Solid-state NMR of unreceptive nuclei

不接受核的固态核磁共振

• 批准号: 238715-2011
• 负责人: Schurko, Robert
• 金额: $ 5.1万
• 依托单位: University of Windsor
• 依托单位国家: 加拿大
• 项目类别: Discovery Grants Program - Individual
• 财政年份: 2015
• 资助国家: 加拿大
• 起止时间: 2015-01-01 至 2016-12-31
• 项目状态: 已结题
• 来源: https://www.nserc-crsng.gc.ca/ase-oro/Details-Detailles_eng.asp?id=570475
• 关键词: Solid; state; NMR; unreceptive; nuclei

Solid-state nuclear magnetic resonance (SSNMR) is one of the most powerful techniques available for probing structure and dynamics in solid materials at the molecular level. While the majority of NMR is applied to isotopes of elements found in organic molecules (e.g., 1H, 13C, 15N, etc.), there are many other NMR-active nuclides that can be investigated. Our research group specializes in SSNMR of nuclides across the periodic table, including spin-1/2 nuclei (e.g., 89Y, 109Ag, 195Pt, 207Pb, etc.) and quadrupolar (spin > 1/2) nuclei (e.g., 14N, 35Cl, 49Ti, 65Cu, 91Zr); this latter category constitutes ca. 73% of the NMR-active nuclei in the periodic table.
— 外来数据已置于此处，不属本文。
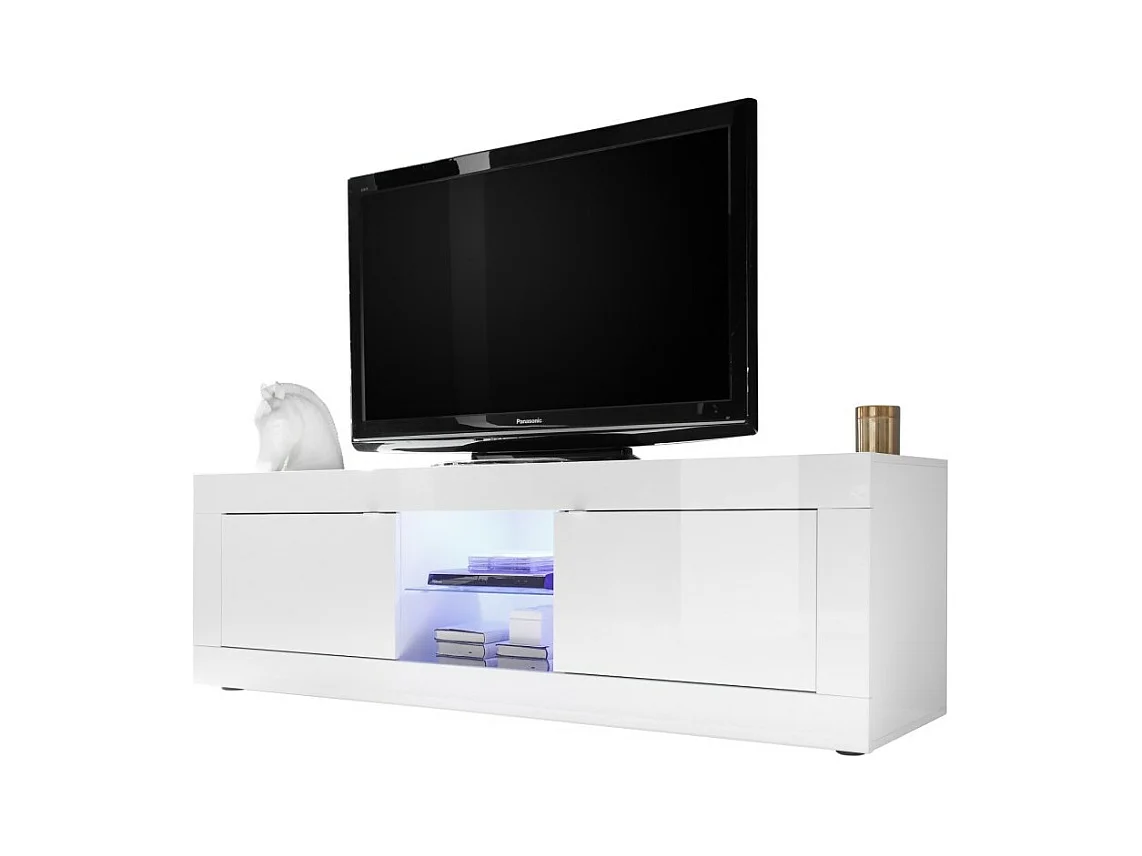 Móvel para TV com 2 portas, coleção CREAM, na cor branco brilhante laqueado, ideal para sua sala de estar moderna e na moda.
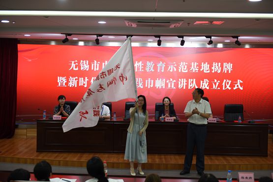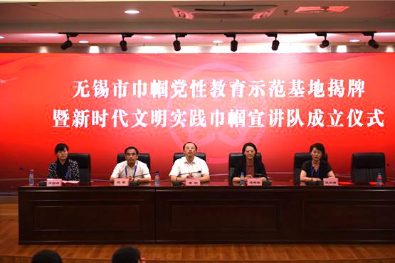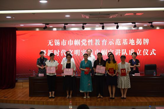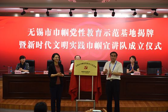 7月5日,无锡市巾帼党性教育示范基地揭牌暨新时代文明实践巾帼宣讲队成立仪式在我校举行。市委宣传部副部长、市文明办主任商明,市妇联党组书记、主席蒋群联,市妇联副主席杭向丽,市教育妇工委副主任高丽婷,我校党委书记刘彬、妇女代表和无锡市新时代文明实践巾帼宣讲队部分成员与会。
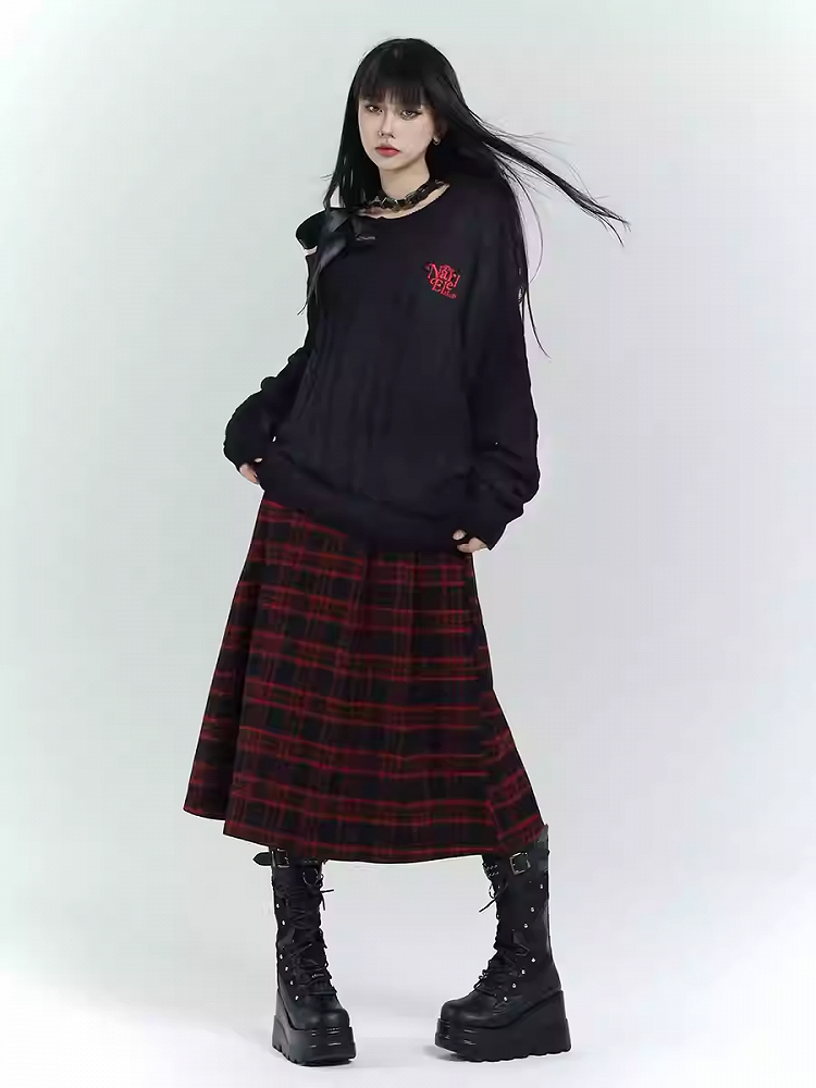 Black & Red Plaid Double Buckles Midi Length Skirt
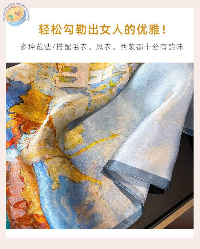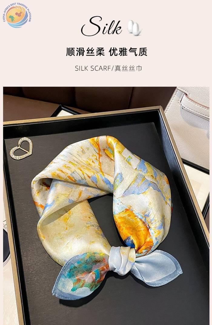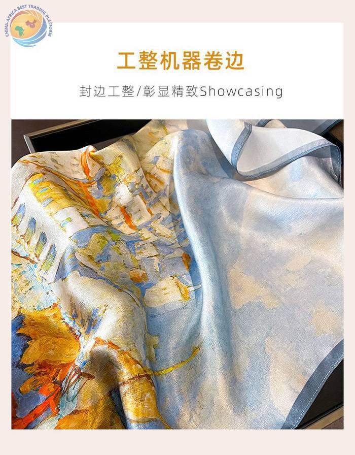 Vintage oil painting silk 100% mulberry silk scarf 53cm square scarf
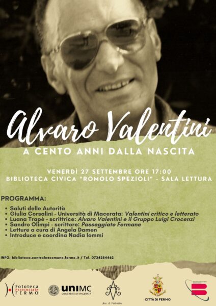 Per ricordare la sua figura, domani alle 17, la biblioteca “Romolo Spezioli”, su impulso dell’Associazione “Alvaro Valentini”, presieduta da Nadia Iommi, che persegue la conoscenza e la diffusione della sua opera, con il patrocinio del Comune di Fermo, la collaborazione dell’Università di Macerata e della Fototeca Provinciale, ospita un incontro.
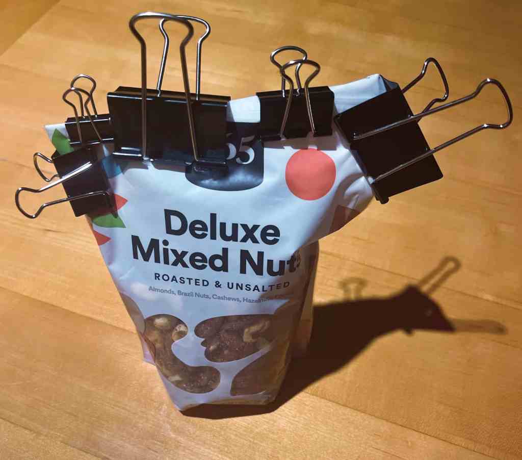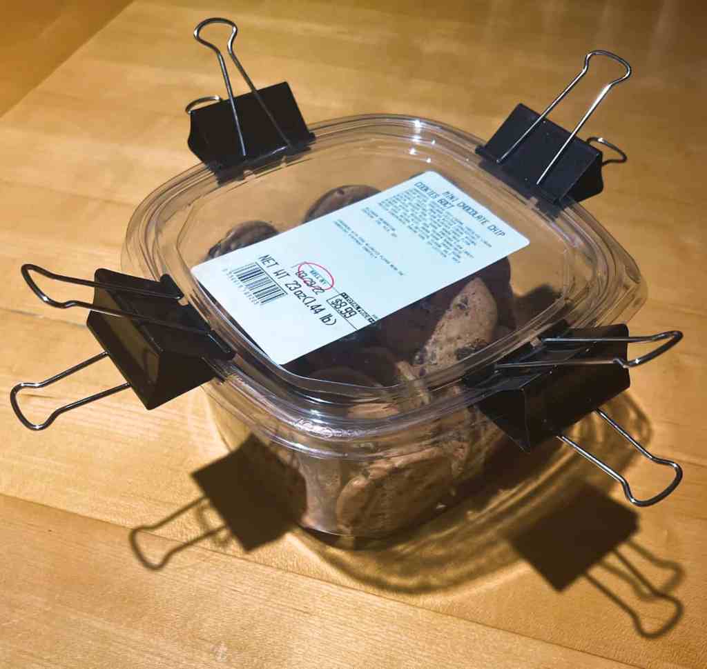 Behold, the solution! Just put an excessive number of binder clips on the container that you’re trying to protect* (Fig. 1), and you’ll find that your desire to chomp on thousands of calories of chocolate chip cookies is kept in check by your similar desire to not have to undo (and redo) a bunch of binder clips.
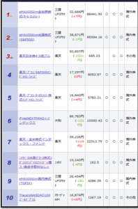 https://www.rakuten-sec.co.jp/web/fund/find/ranking/ranking.html?term=w&target=all&age=50&x=64&y=2&type=500001&freqid=2&tget=1&group=50より引用
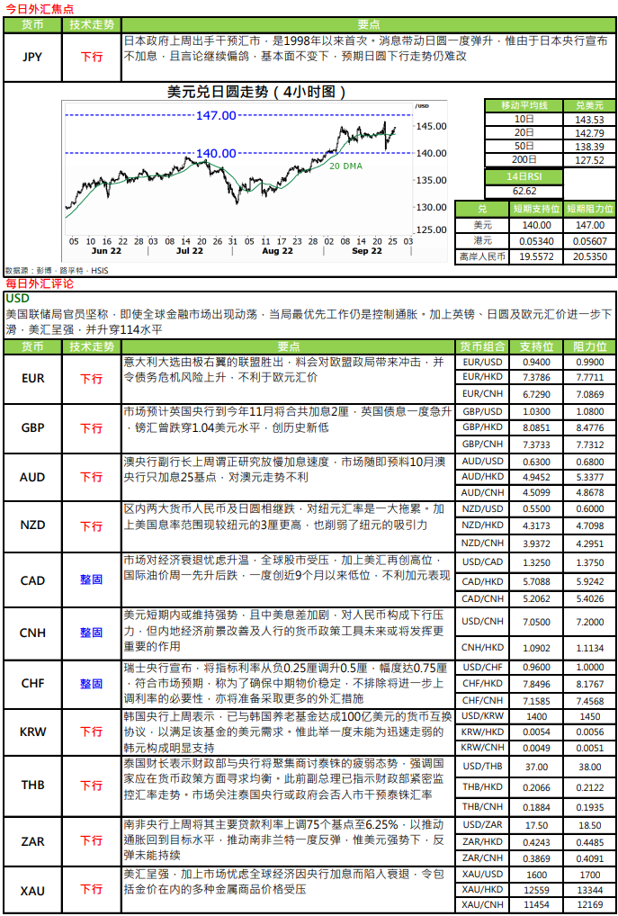 恒生银行:今日外汇黄金市场评论及操作建议(2022年9月27日)
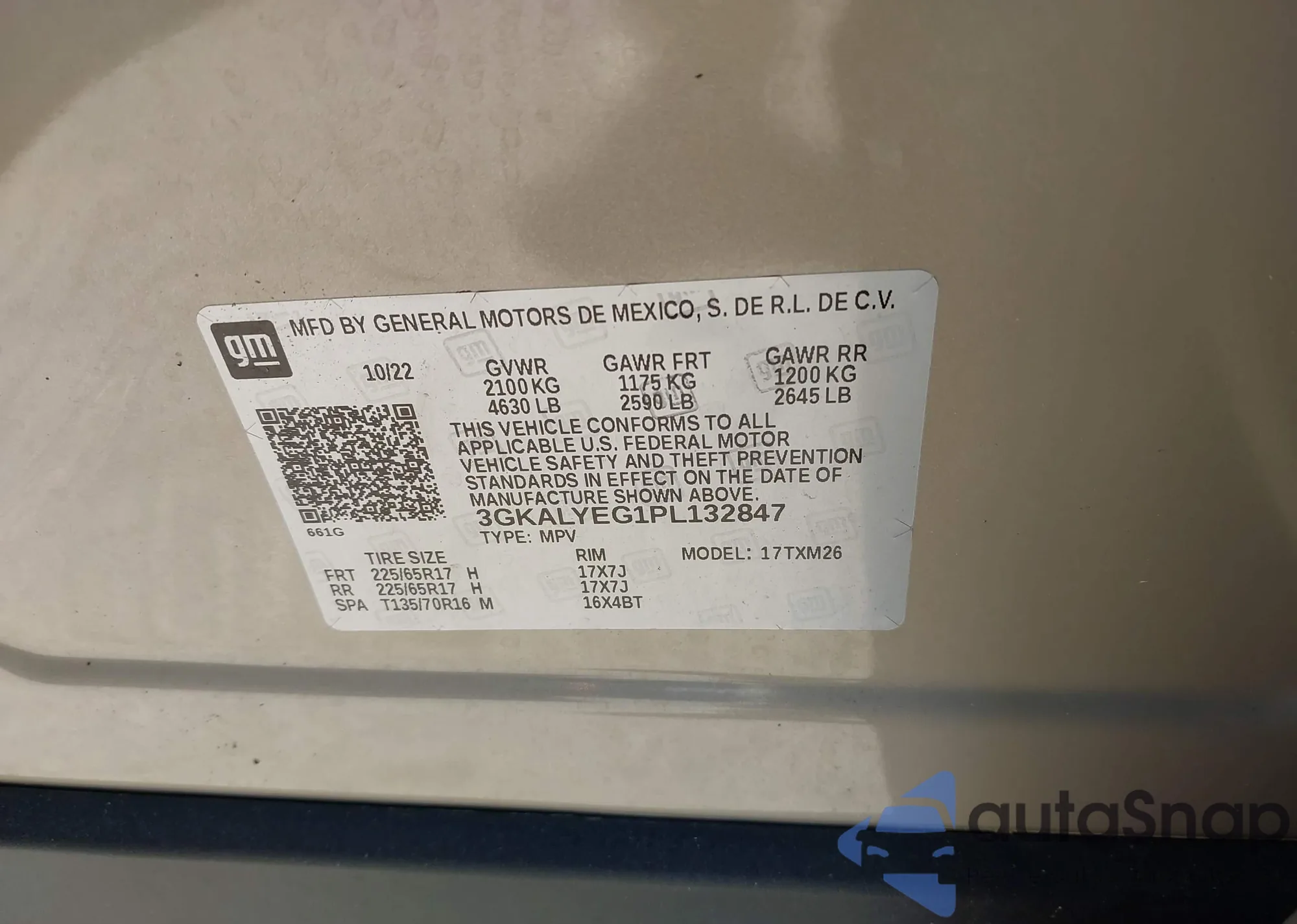 VIN: 3GKALYEG1PL132847
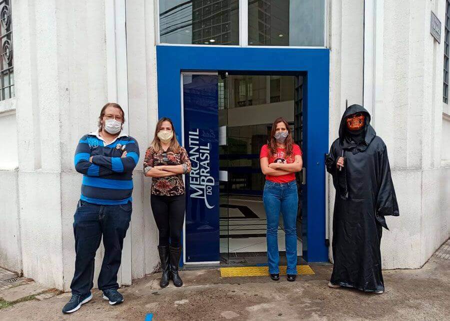 Em abril, o Sindicato flagrou o Mercantil do Brasil descumprindo decreto municipal e realizou um protesto, com a presença da “morte”

Many of these nuclei are classified as unreceptive, meaning that they are very challenging to study due to (i) low NMR frequencies, (ii) low natural abundance (iii) broad patterns arising from large anisotropic NMR interactions, (iv) inconvenient relaxation characteristics or (v) combinations thereof. My group utilizes SSNMR as the primary technique, along with X-ray diffraction and quantum chemical computations to solve a variety of problems. In particular, we work on development of methodologies to efficiently acquire SSNMR spectra of many of these nuclides, since they are so important in many areas of chemistry, biology and physics. We apply our new methodologies to study a variety of materials, including (1) heterogeneous catalysts used to produce polymers, (2) polypeptides, biopolymers and other biological molecules, and (3) solid pharmaceuticals and their polymorphs, which are distinct phases of a pure solid substance resulting from at least two differing arrangements of atoms. The last problem is particularly interesting, since we apply fundamental science to understand the relationship between NMR parameters and molecular structure, and use this to solve a problem of great relevance to the pharmaceutical industry and its consumers: i.e., how to differentiate polymorphs of pharmaceutical ingredients, so that we may understand what molecular interactions may lead to improved stability, shelf-life and bioavailability. In addition, each polymorph is patentable, so we may aid in the protection of intellectual property and valuable patents.

固体核磁共振是在分子水平上探测固体材料的结构和动力学的最强大的技术之一。虽然大多数核磁共振用于有机分子中元素的同位素(例如，1H、13C、15N等)，但也可以研究许多其他具有核磁共振活性的核素。我们的研究小组专门研究了整个元素周期表中的核素的SS核磁共振，包括自旋1/2的核(如89Y，109Ag，195Pt，207Pb等)。和四极(自旋&GT；1/2)核(如14N，35Cl，49Ti，65Cu，91Zr)；后一类约占元素周期表中具有核磁共振活性的核的73%。这些核中的许多被归类为不可接受的，这意味着它们的研究非常具有挑战性，因为(1)低的核磁共振频率，(2)低的自然丰度，(3)大的各向异性核磁共振相互作用产生的广泛模式，(4)不方便的弛豫特性或(5)它们的组合。 我的团队使用SS核磁共振作为主要技术，以及X射线衍射和量子化学计算来解决各种问题。特别是，我们致力于开发方法来有效地获取其中许多核素的SS核磁共振谱，因为它们在化学、生物和物理的许多领域都是如此重要。我们应用我们的新方法来研究各种材料，包括(1)用于生产聚合物的多相催化剂，(2)多肽、生物聚合物和其他生物分子，以及(3)固体药物及其多晶型，它们是纯固体物质的不同相，由至少两种不同的原子排列产生。最后一个问题特别有趣，因为我们应用基础科学来了解核磁共振参数和分子结构之间的关系，并利用这一点来解决与制药行业及其消费者密切相关的问题：即如何区分药物成分的晶型，以便我们可以了解什么分子相互作用可以改善稳定性、货架期和生物利用度。此外，每一种晶型都是可申请专利的，因此我们可以帮助保护知识产权和有价值的专利。